Copy each line of the records exactly, stopping only after the line that contains "Your products will" has been written, and leave pictures out.

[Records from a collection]
***
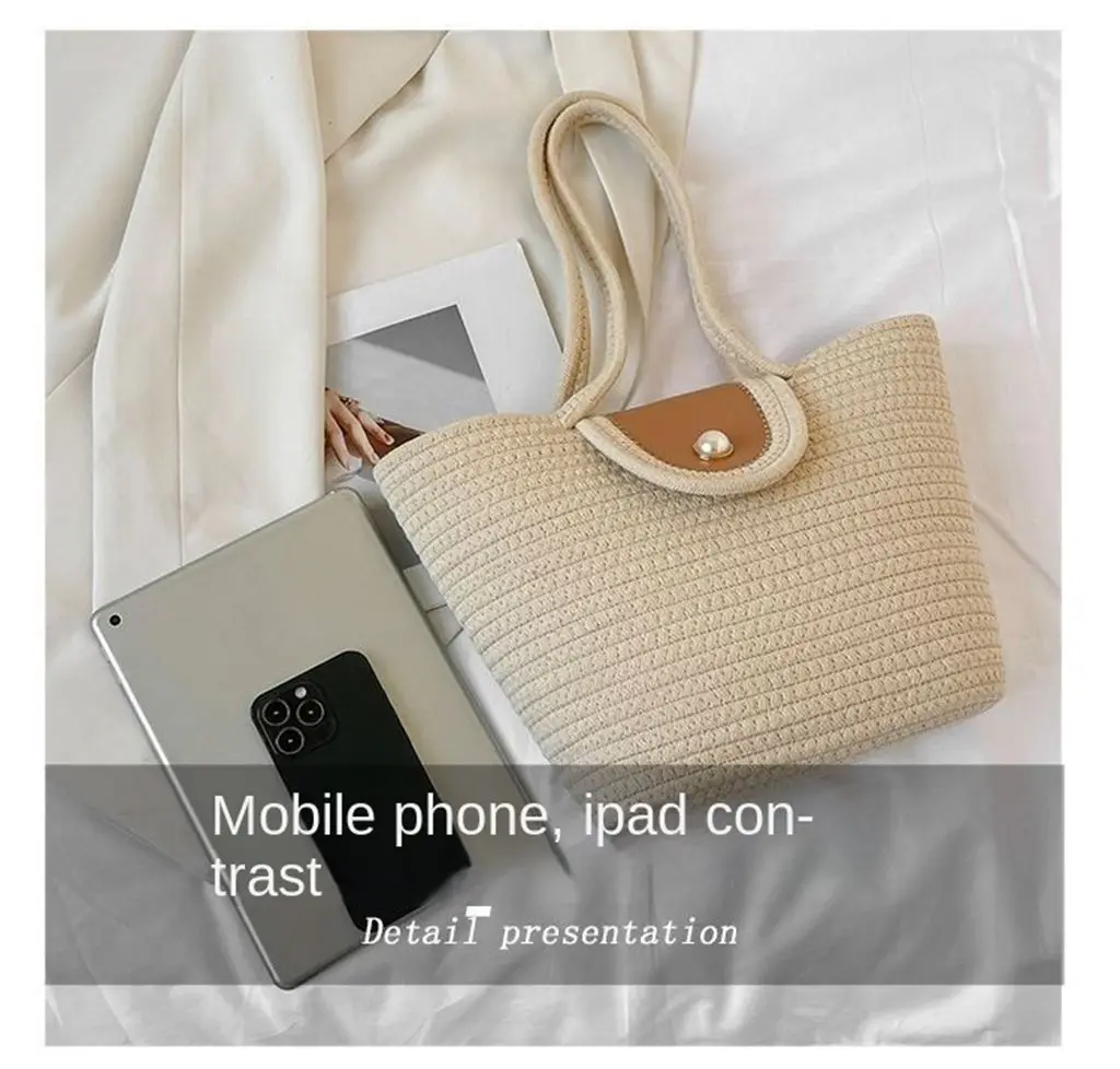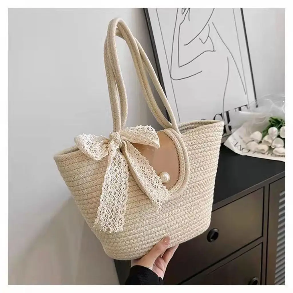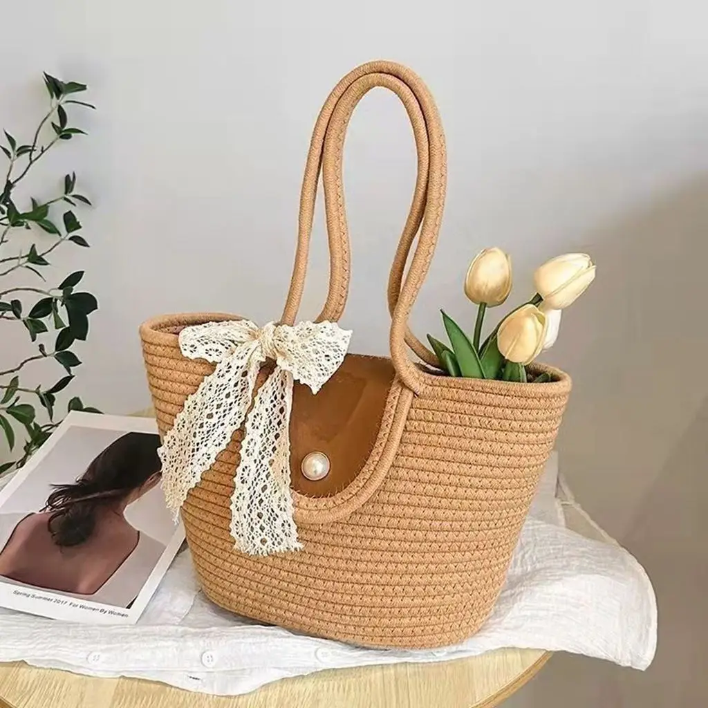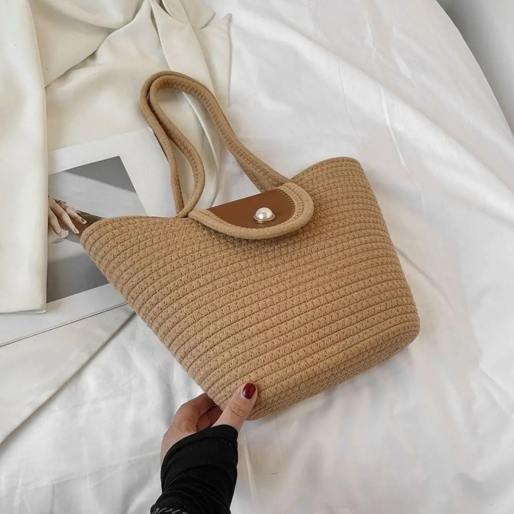 Woven Cotton Shoulder Bags for Women Summer Beach Bag Purse Female Handbag
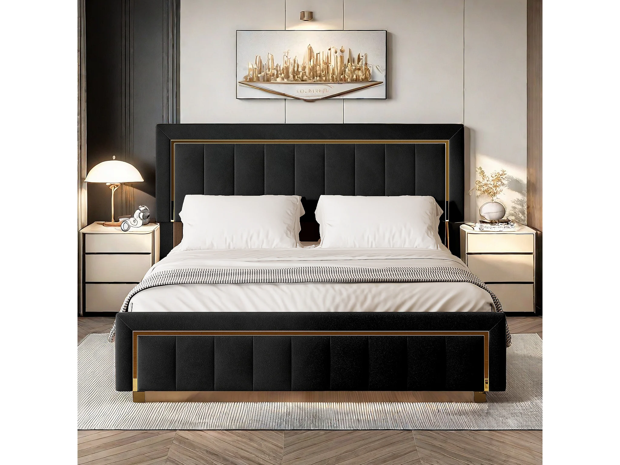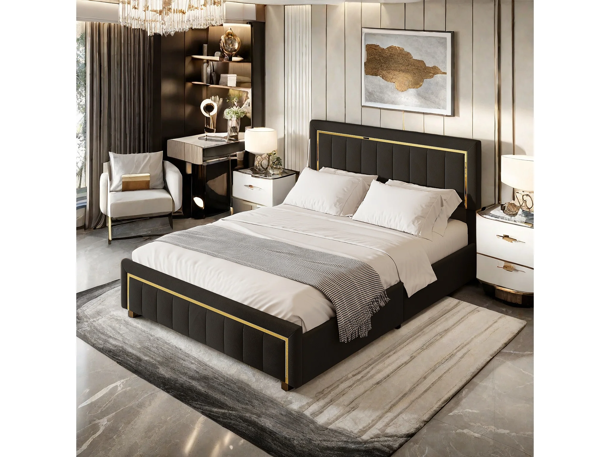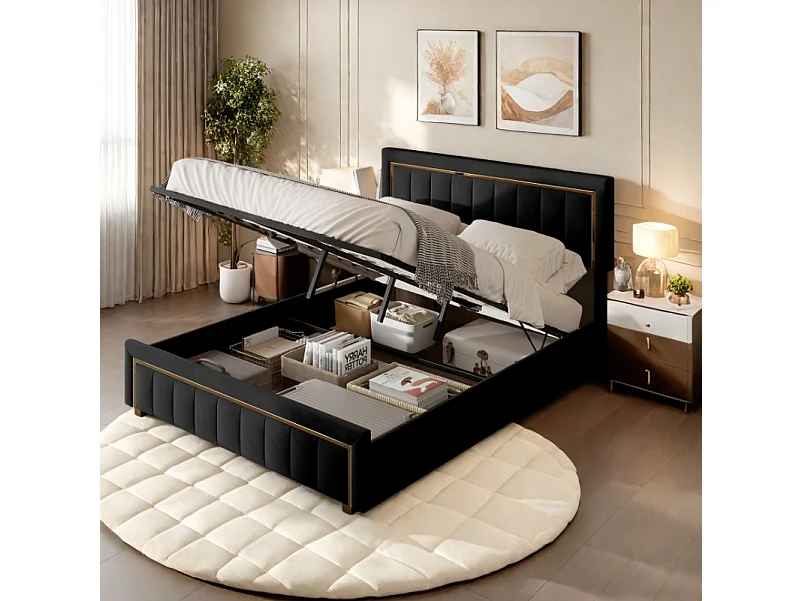 Lit 160x200 cm avec sommier, Lit Coffre 160 x 200, Lit rembourré double, Lit Adulte avec Hydraulique Rangement, Noir
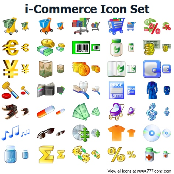Your products will look more modern and attractive with i-Commerce Icon Set. Color formats include Windows XP and 8-bit formats. All icons include 16x16, 24x24, 32x32, 48x48 and 256x256 pixel images. This icon set contains icons representing money, goods and other objects: percent, sum, PDA, GPS-navigator, T-shirt, mp3-player, credit card, delivery, globe and others. Author: 777icons.com Icon quantinty: 164 Icon sizes: 256x256, 48x48, 32x32, 24x24, 16x16 File formats: PNG, GIF, BMP, ICO Image states: normal, hot, disabled Download source: http://www.777icons.com/libs/commerce-icons.htm
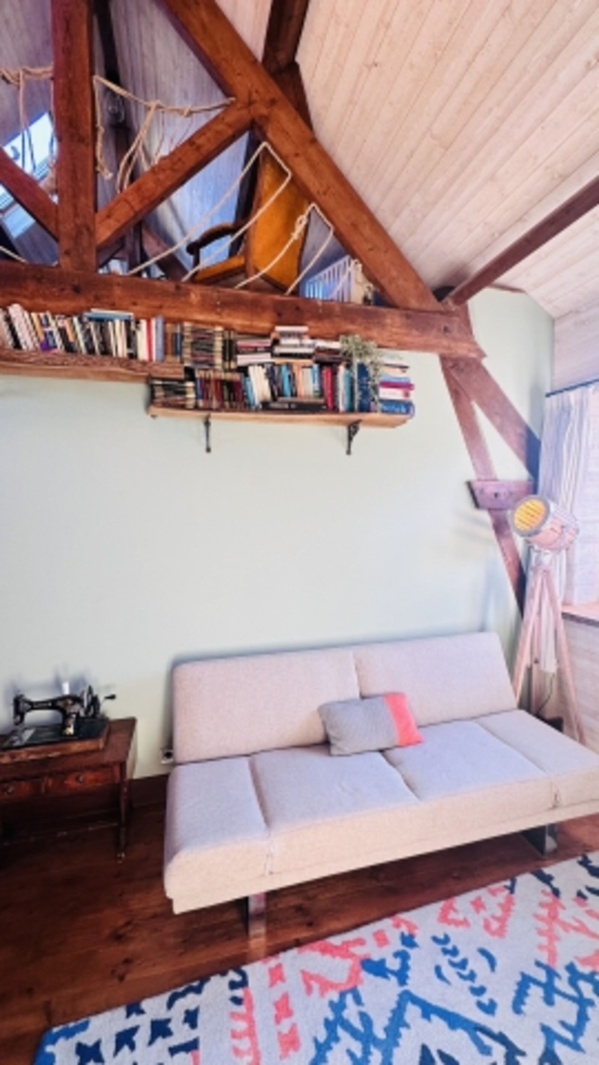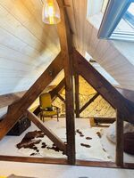 Wenn Sie die Treppe zum Zwischengeschoss hinaufsteigen, gelangen Sie zu einem schönen Schlafzimmer und einem Wohnbereich unter der Treppe. Bitte beachten Sie, dass kleine Kinder aufgrund der Stufen und des offenen Grundrisses nicht hierher gelassen werden sollten. Doppelbett 1,80 x 2,00m, Spiegel
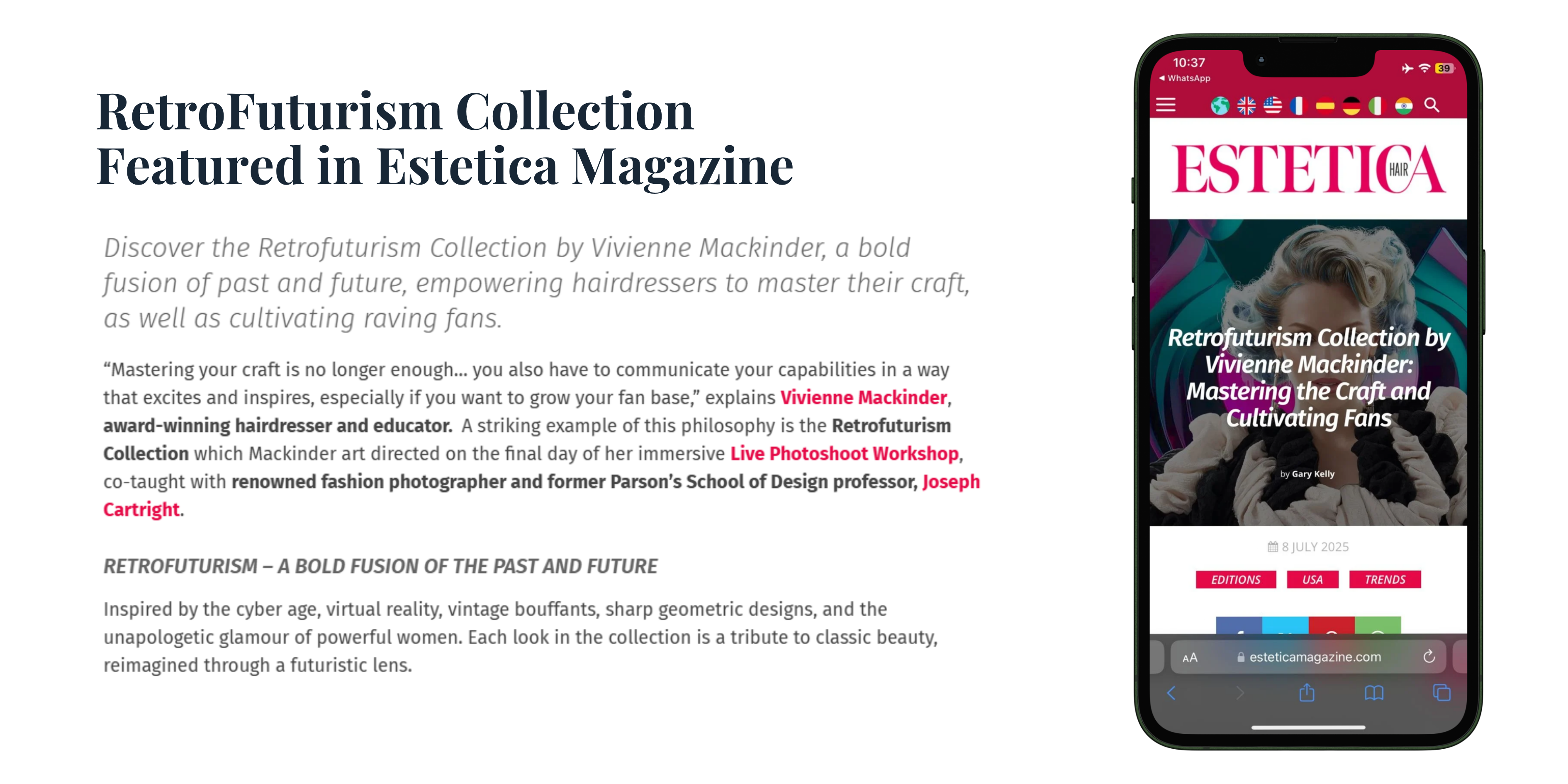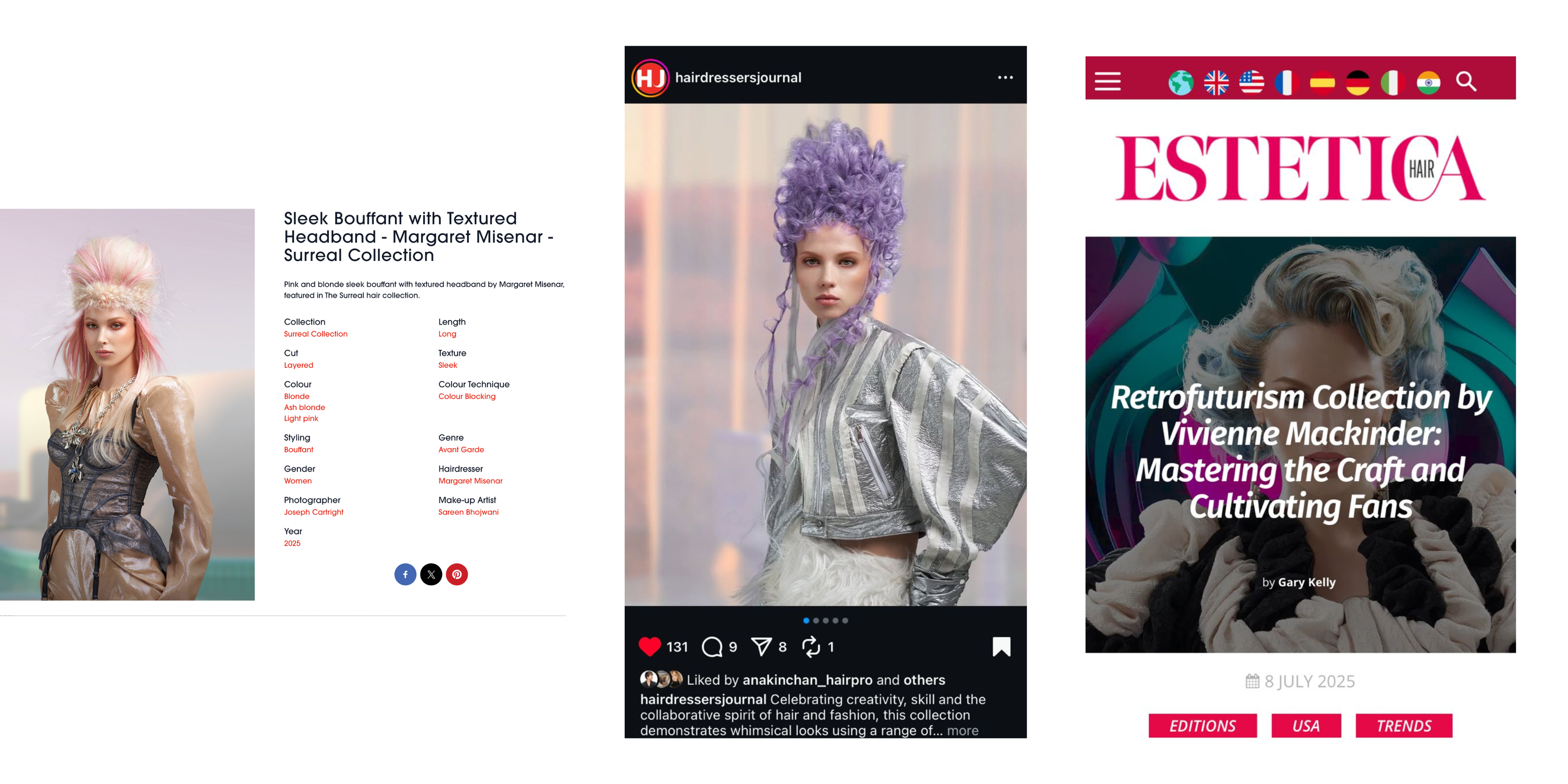 The Surreal Collection was chosen as "Collection of the Week" by Hairdressers Journal Magazine, celebrating the creative work of students from our Photoshoot Workshop. And the Retrofuturism Collection made its way to the pages of Estetica Magazine, where innovation and classic design came together.
***
- **Problem solution**:
 Woven Cotton Shoulder Bags for Women Summer Beach Bag Purse Female Handbag
 Lit 160x200 cm avec sommier, Lit Coffre 160 x 200, Lit rembourré double, Lit Adulte avec Hydraulique Rangement, Noir
Your products will look more modern and attractive with i-Commerce Icon Set. Color formats include Windows XP and 8-bit formats. All icons include 16x16, 24x24, 32x32, 48x48 and 256x256 pixel images. This icon set contains icons representing money, goods and other objects: percent, sum, PDA, GPS-navigator, T-shirt, mp3-player, credit card, delivery, globe and others. Author: 777icons.com Icon quantinty: 164 Icon sizes: 256x256, 48x48, 32x32, 24x24, 16x16 File formats: PNG, GIF, BMP, ICO Image states: normal, hot, disabled Download source: http://www.777icons.com/libs/commerce-icons.htm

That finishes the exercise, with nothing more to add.